Hulda Alexander (now Mrs. James Quinn) was able to confirm, first over the phone and then in person, that the body was that of her son. The police and the coroner both agreed that the most likely cause of death was suicide, but Hulda vehemently disagreed, pointing out that her son was seemingly very happy and had even made plans for that summer. Her theory was that he had fallen down while handling the revolver and accidentally shot himself. She said he was not yet familiar with the way the gun worked and would have been more likely to accidentally fire it then to turn it on himself.

Hulda would also state that her son had been paid just before he had died and had taken out $50 that would have been on him. When his body was found, there was only 35 cents in his pocket. This adds the possibility of robbery to the mix as the money was never accounted for.


Mrs. Quinn would have her son's body taken back to be buried next to his father in Farmer Cemetery, near the small town of Farmer, Ohio. Whatever truly happened to him has been lost to time, but one thing that is certain is that his life was ended far too soon.

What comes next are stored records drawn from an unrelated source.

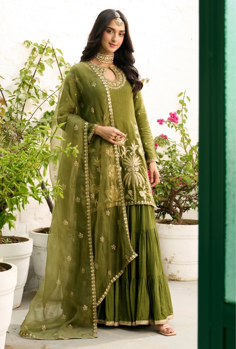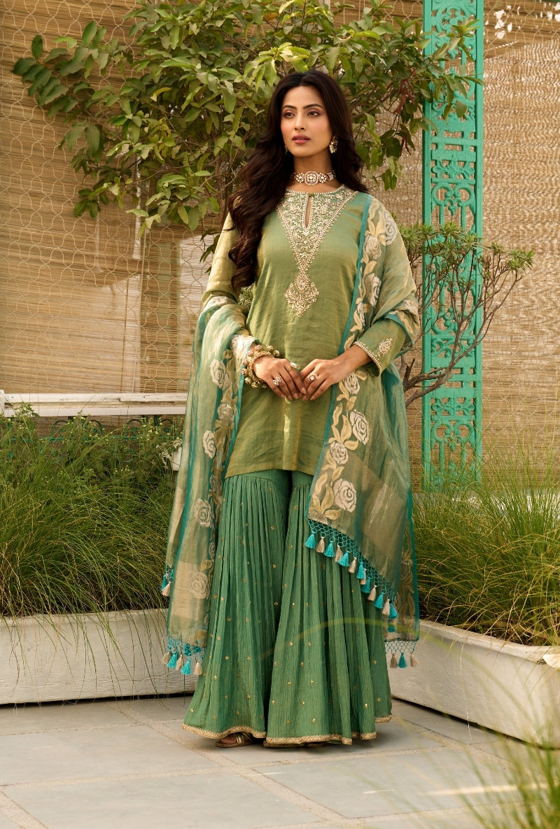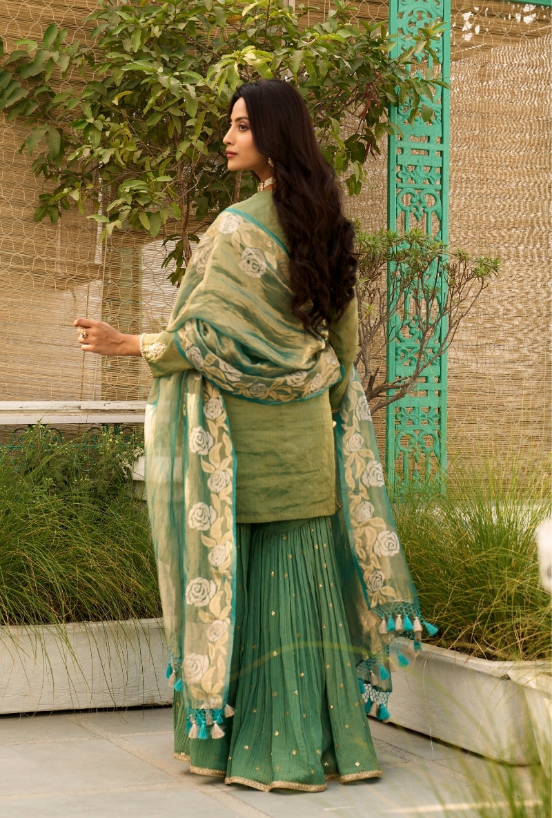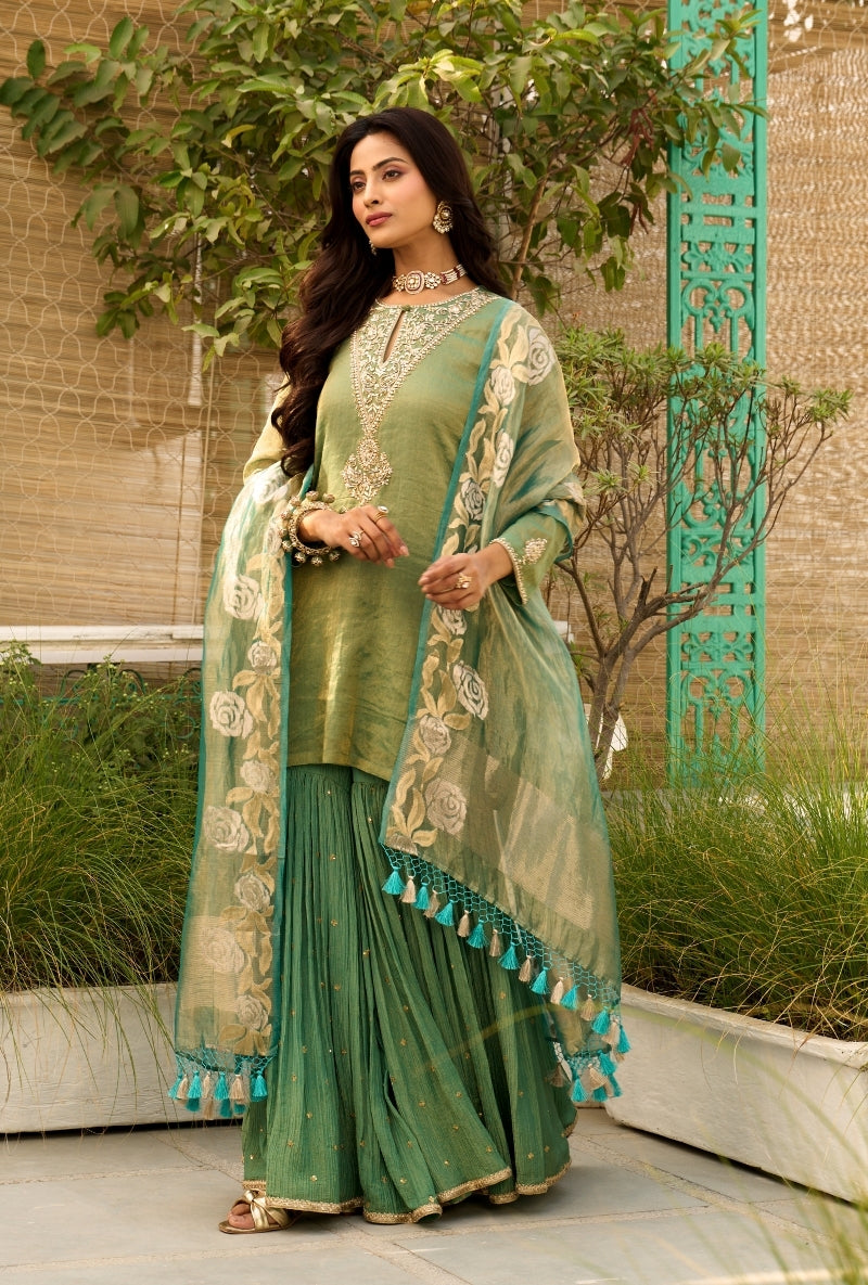 Green Palm Tree Zardosi Embroidered Sabah Sharara Set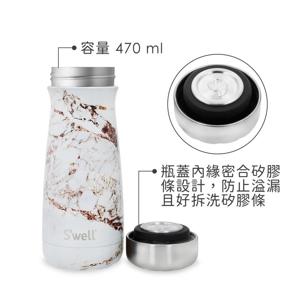 美國 S'well - Traveler不鏽鋼保溫瓶(鎏金石紋470ml) / 保溫杯 保冷保冰杯 環保杯 咖啡杯 隨行杯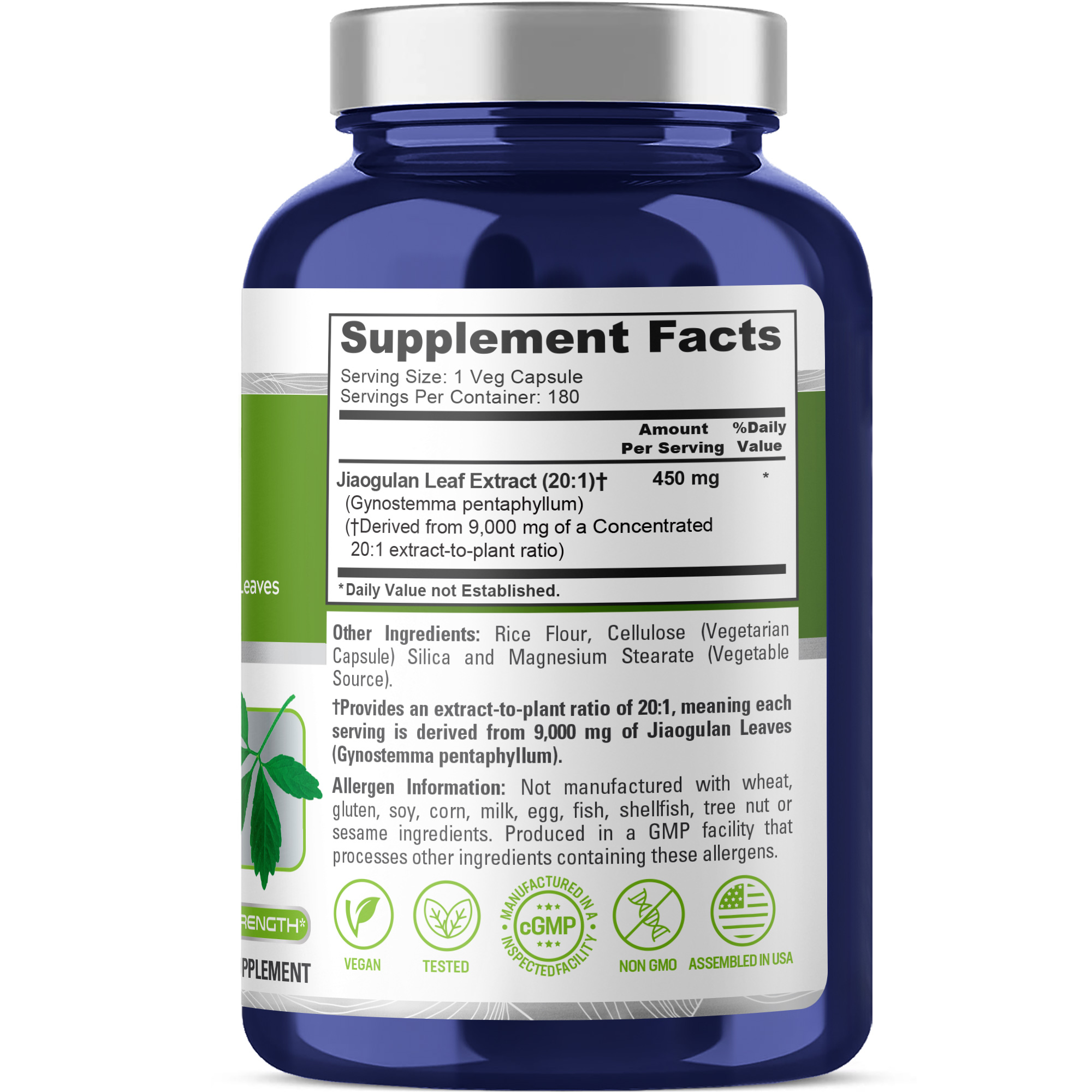 • Jiaogulan 20:1 Extract, 450 mg Equivalent to 9,000mg 180 Veggie Capsules.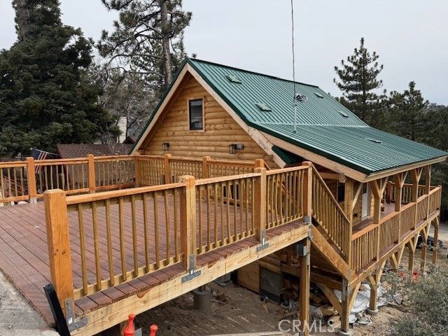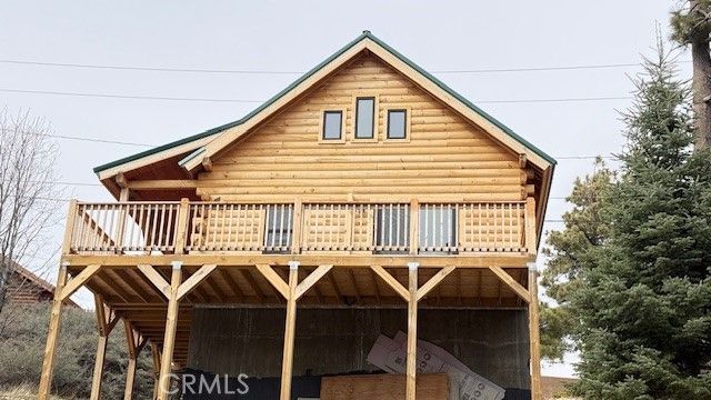 Here is Your Rare Opportunity to own this charming true log cabin which offers a peaceful retreat in the heart of the mountain resort of Green Valley Lake. Surrounded by towering pines and panoramic vistas, cabin boasts breathtaking views of the rugged peaks and serene valleys. This two bedroom layout complemented by a cozy loft bedroom provides plenty of space for relaxation and hosting family events. The rustic log architecture features kiln-dried pressure treated wood finishes, vaulted ceilings and large windows that flood the space with natural light, offering a seamless blend of indoor comfort and outdoor beauty. This is one-of-a-kind custom home in Green Valley Lake, that also features a fire retardant metal roof and a Fire Suppression sprinkler system throughout the home. The community adds to the appeal with access to a private lake, perfect for fishing, kayaking, boating and swimming or simply enjoying the tranquil setting. Buyers may continue the construction on the unfinished basement adding approximately another 700+ square feet. This is a must see home!
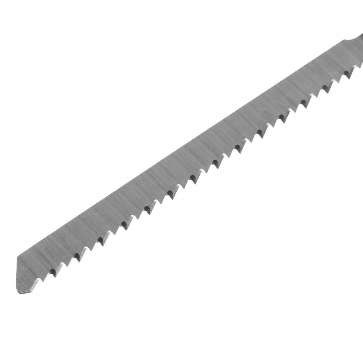 Полотна для электролобзика T101BRF Matrix 78213 с шагом зубьев 2,5 мм, с обратным зубом, биметаллические (Bimetal), 3 шт. в упаковке, имеют рабочую длину 75 мм и используются для работ по дереву. Позволяют распилить фанеру, древесину, ДСП толщиной до 30 мм, эффективны для работы с клееными и ламинированными материалами. Шлифованные зубья позволяют получить тонкий и чистый распил. Полотна можно устанавливать на электролобзики с зажимом под Т-образный хвостовик. Пилки пригодятся во время ремонта и для решения бытовых задач.
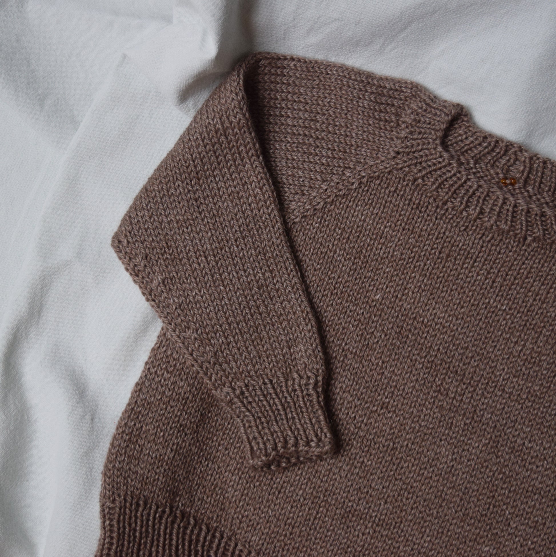 The MAKLIK mini pullover is knitted from top to bottom in the round on a circular knitting needle. Short rows and raglan increases are used to form the yoke. The sleeves are also knitted in the round.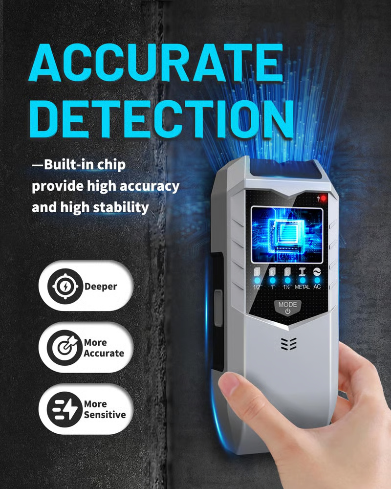 High Accuracy: Detects wood, metal, pipes, and live wires with precision.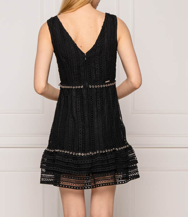 La robe en dentelle Guess est munie d'une base volantée, d'une coupe ajustée et elle est ornée d'oeillets métalliques argentés.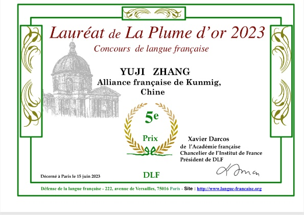 在 “2023金羽毛”全球法语大赛中,必赢官网法语系2022届本科毕业生张瑜霁作为昆明法语联盟的选手,获得了全球第五名的佳绩!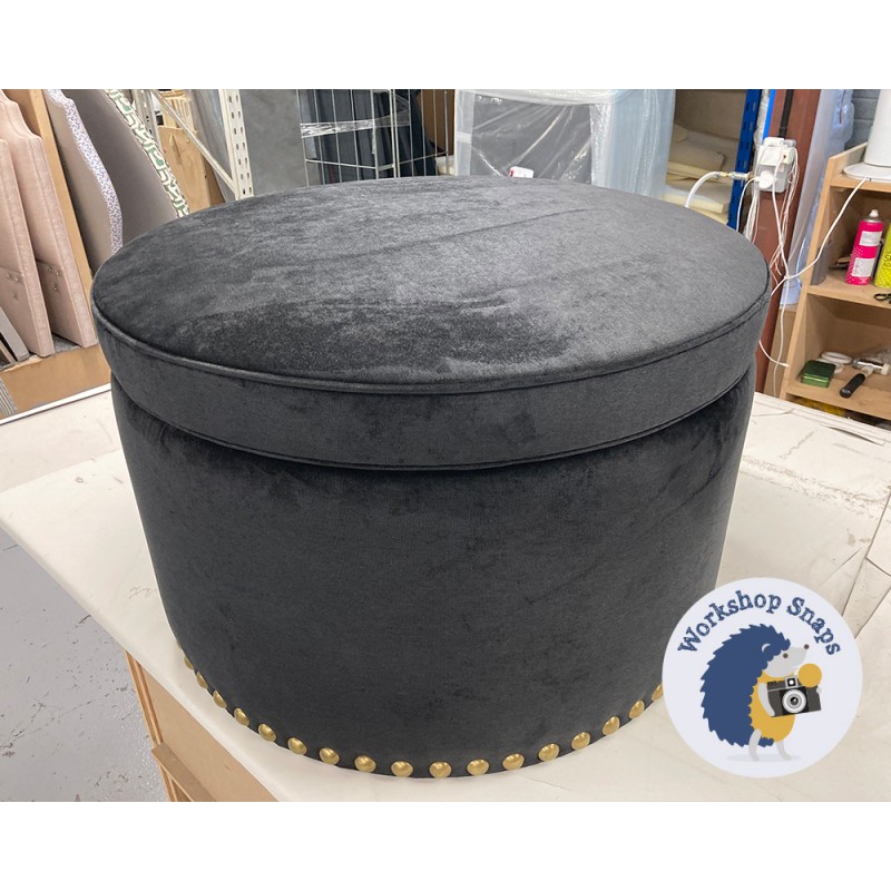 Begin building your medium sized round storage stool by selecting from our wide range of fabrics (or provide your own), and a variety of trim options.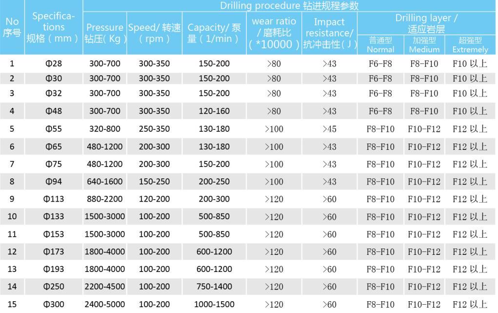 一般地质钻探取芯、水井钻进,针对一般混凝泥土、灰岩、花岗岩等比较坚硬的岩石地层具有良好效果。由于制作工艺的原因,进尺效率明显,破岩能力突出,是煤矿,公路,铁路,桥梁,地质勘探,水里水电等施工单位的理想选择。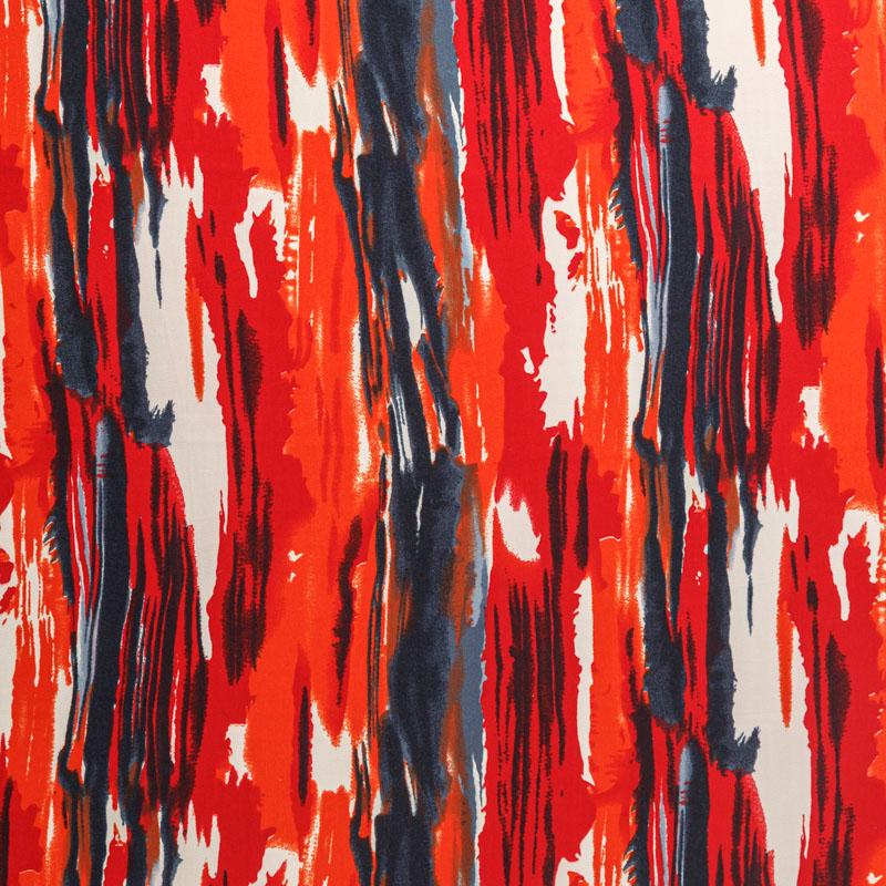 Плательный креп с абстрактным принтом. Ткань средней плотности, не толстая, пластичная, поверхность полотна матовая, с характерной мелкозернистой фактурой, прочная, практически не мнется, хорошо драпируется. Превосходно подойдет для пошива стильного костюма, юбки, платья, комбинезона, топа, брюк.

Reporting from The Pittsburgh Press on April 2, 1909 about the apparent suicide of Hugh Alexander.
A clipping from The Pittsburgh Press on April 3, 1909 discussing the mother of Hugh Alexander saying her son did not kill himself.
A news story from The Tribune in Hicksville, Ohio on April 8, 1909 discussing the possible murder of Hugh Alexander.

Newspapers ran several different stories, with speculation about what happened ranging from suicide to murder to Hugh's mother's explanation that it was an accident. It is definitely interesting to read the different thoughts from the time and speculate as to what actually happened on that day.

The "SUICIDE" headline is from the Pittsburgh Press on April 2, 1909.

"APPARENT MURDER" is the headline in The Tribune, out of Hicksville, Ohio on April 8, 1909.

"She Still Maintains" was another headline from The Pittsburgh Press, this one on April 3, 1909.